Problem to solve: Reproduce, exactly and in full, the lines from the one with "In the garden Peonies have no equal." through the one with "The Forest - Noida" in the data below; drop pictures.

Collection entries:

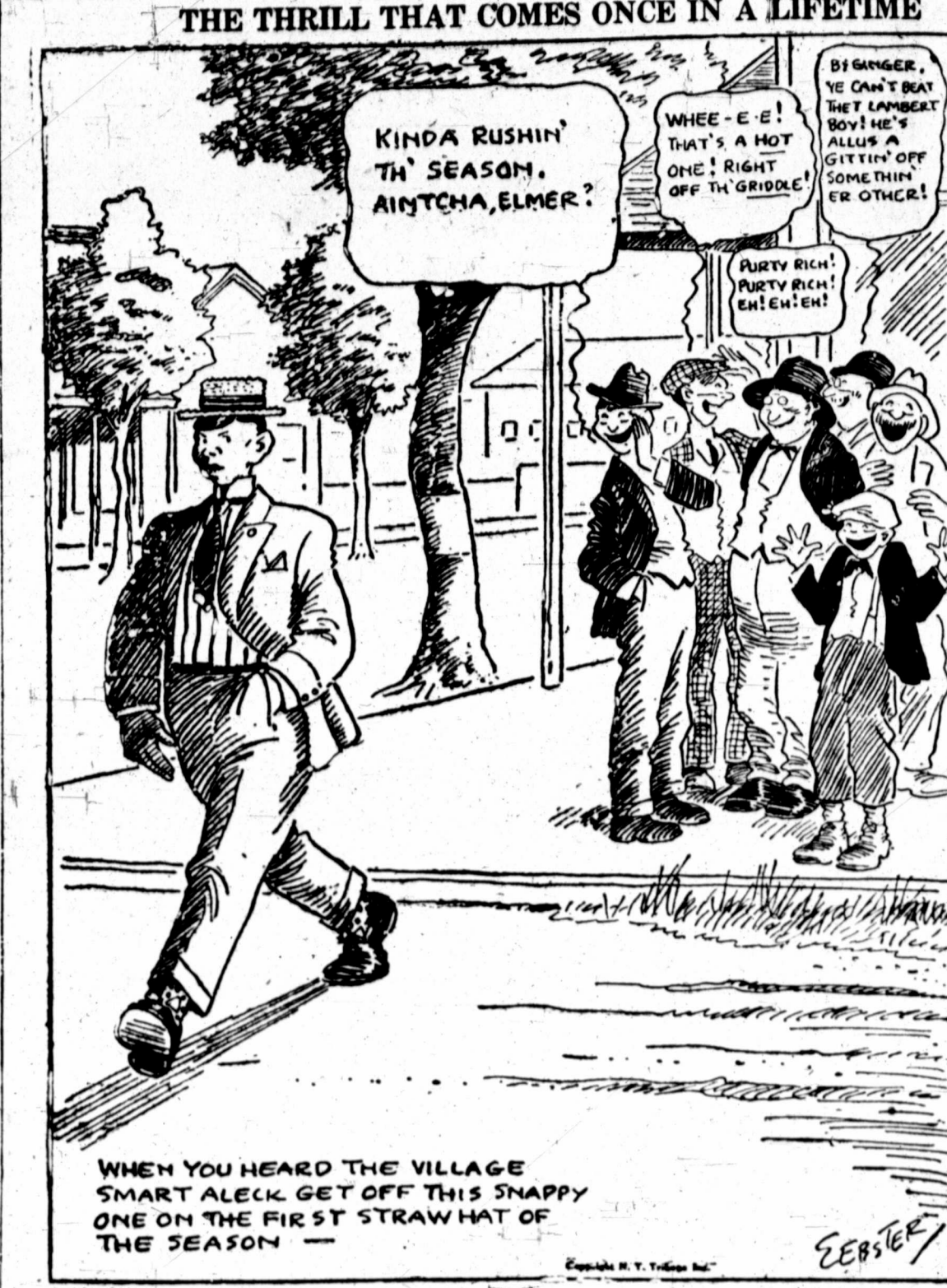
WHEN YOU HEARD THE VILLAGE SMART ALECK GET OFF THIS SNAPPY ONE ON THE FIRST STRAW HAT OF THE SEASON

WHY? ARE LEAD PENCILS SO CALLED? (Copyright, 1920, by Wheeler Syndicate, Inc.) The obvious answer to this question would be, "Because they have lead in them." But they haven't. The writing material in the "lead" pencils of today is graphite, not lead. But there was a time, before the discovery of the famous graphite mine in Cumberland, England, when metallic lead was used inside a wooden holder or shield, and the name persisted even after the lead itself disappeared. After large deposits of graphite were located in England in 1565, that country had practically a complete monopoly of the lead pencil industry for some 200 years. In fact, it was not until 1761, when Caspar Faber opened his pencil factory at Nuremberg, in Bavaria, that Germany took the lead in the making of this product. The establishment of the tariff which went into effect in 1861 made the importation of lead pencils into the United States a very expensive operation and forced a number of manufacturers to establish plants in this country. American inventive genius perfected many of the machines which made the pencils and today the United States supplies at least 90 per cent of the pencils used on this side of the Atlantic. The considerable proportion of those which are utilized by the world at large. The graphite comes principally from Ceylon, Mexico, Bohemia and Siberia, while the red cedar wood is obtained from Florida, Alabama and Tennessee. Tomorrow's question—Why do we speak of a "porter house" steak?
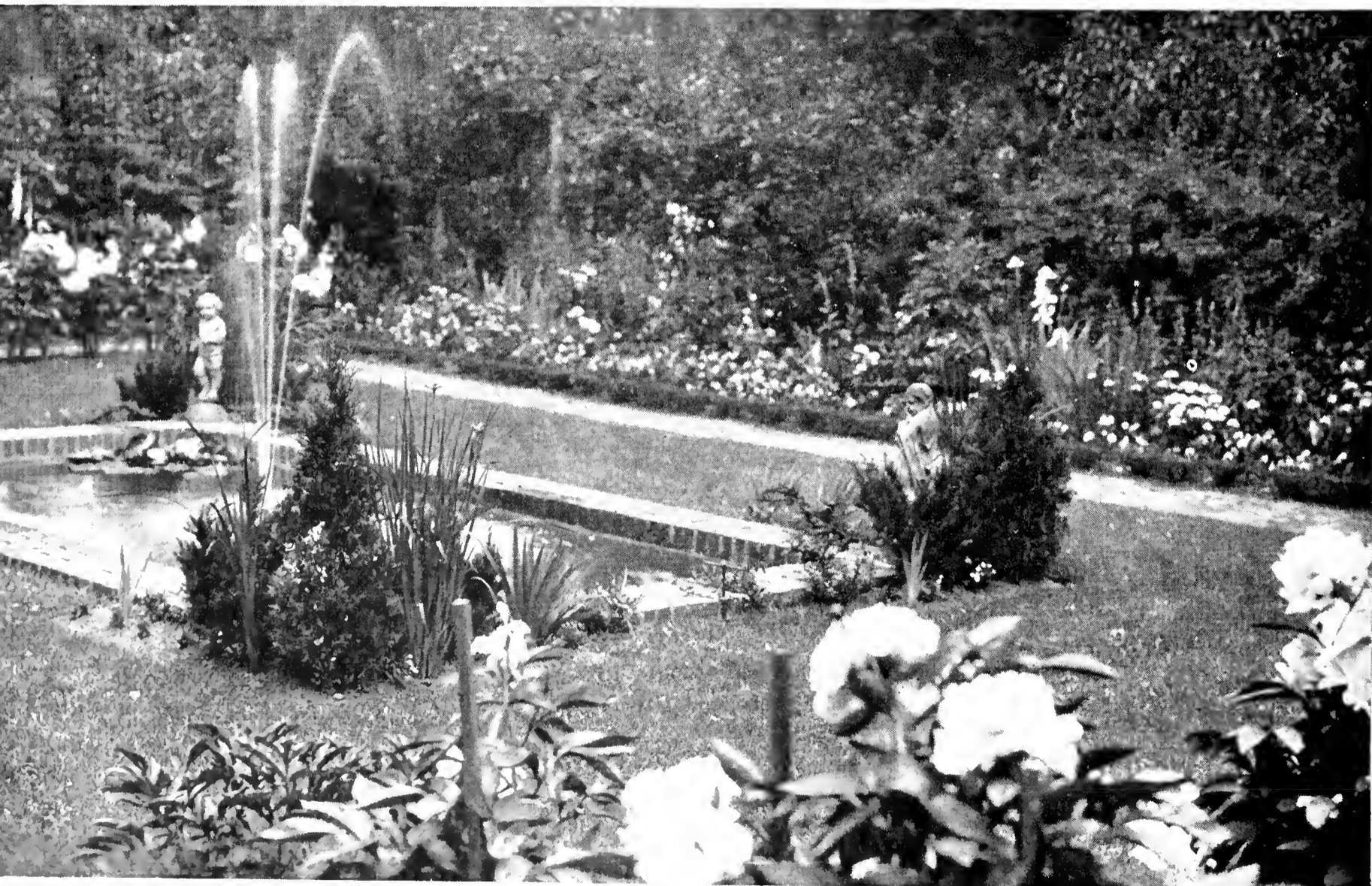
In the garden Peonies have no equal.
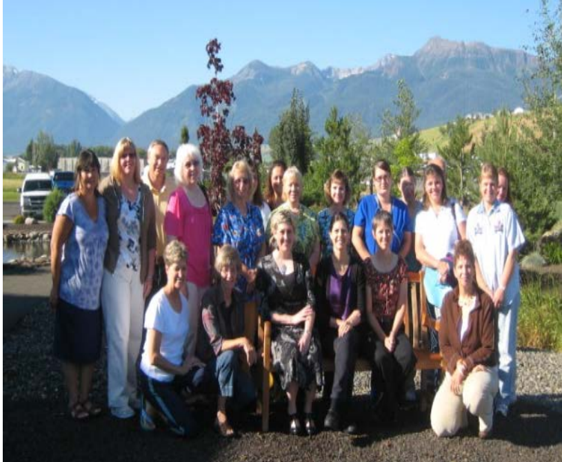
Winding Waters Clinic
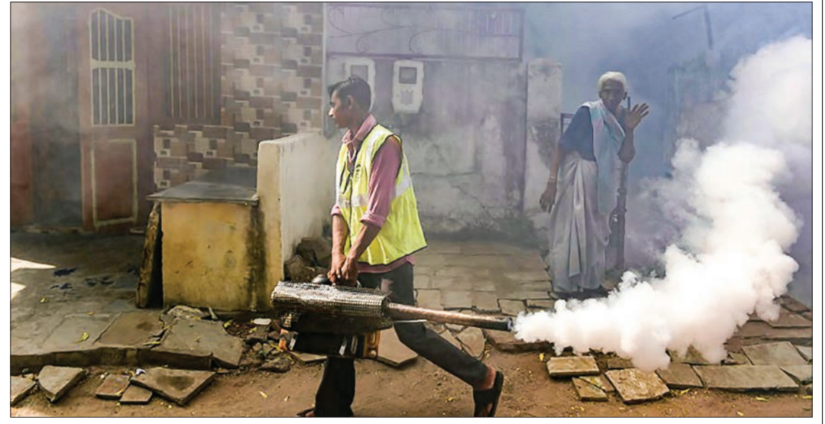
Gujarat has been fumigating public areas in an effort to kill the mosquitos that carry the diseases.

Zika was also detected in the southern Indian state of Tamil Nadu in July 2017. The World Health Organization has said no vaccine is likely to be available until 2020.—AFP
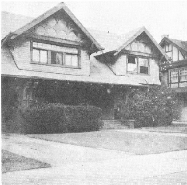
HASI headquarters in Los Angeles, Calif.
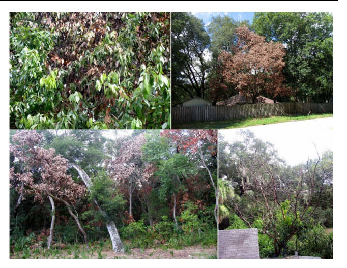
Figure 3. Whole redbay trees killed by laurel wilt.
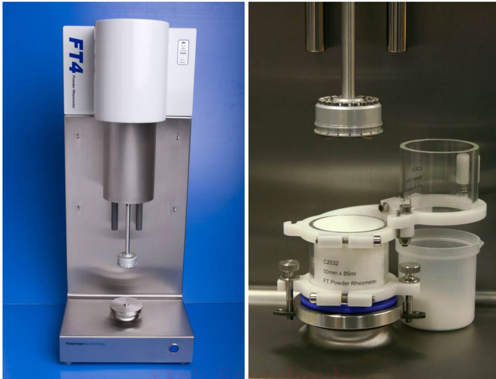
FIG. 1 FT4 Powder Rheometer (The left hand image shows the instrument with the shear head fitted; the right hand image shows the shear head and shear cell vessel.)
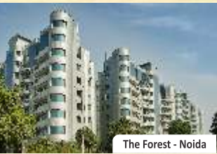
The Forest - Noida
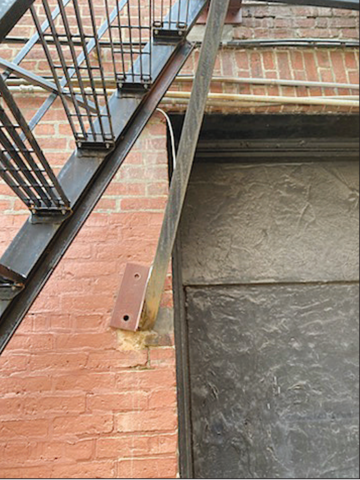
It's often difficult to tell if your fire escape is sufficient with an untrained eye, and inspections are required every five years by qualified individual. The city's Inspectional Services Department doesn't provide this service so homeowners must turn instead to a licensed professional. One such licensed professional is Boston Forging & Welding Corp. - a third-generation family business based in East Boston, with more than 60 years' experience.

To learn more about Boston Forging & Welding Corp, visit bostonforgingandwelding.com; call 617-567-2300 or 617-567-3293; or email info@ bostonforgingandwelding.com.

Solution to the problem:
In the garden Peonies have no equal.
Winding Waters Clinic
Gujarat has been fumigating public areas in an effort to kill the mosquitos that carry the diseases.

Zika was also detected in the southern Indian state of Tamil Nadu in July 2017. The World Health Organization has said no vaccine is likely to be available until 2020.—AFP
HASI headquarters in Los Angeles, Calif.
Figure 3. Whole redbay trees killed by laurel wilt.
FIG. 1 FT4 Powder Rheometer (The left hand image shows the instrument with the shear head fitted; the right hand image shows the shear head and shear cell vessel.)
The Forest - Noida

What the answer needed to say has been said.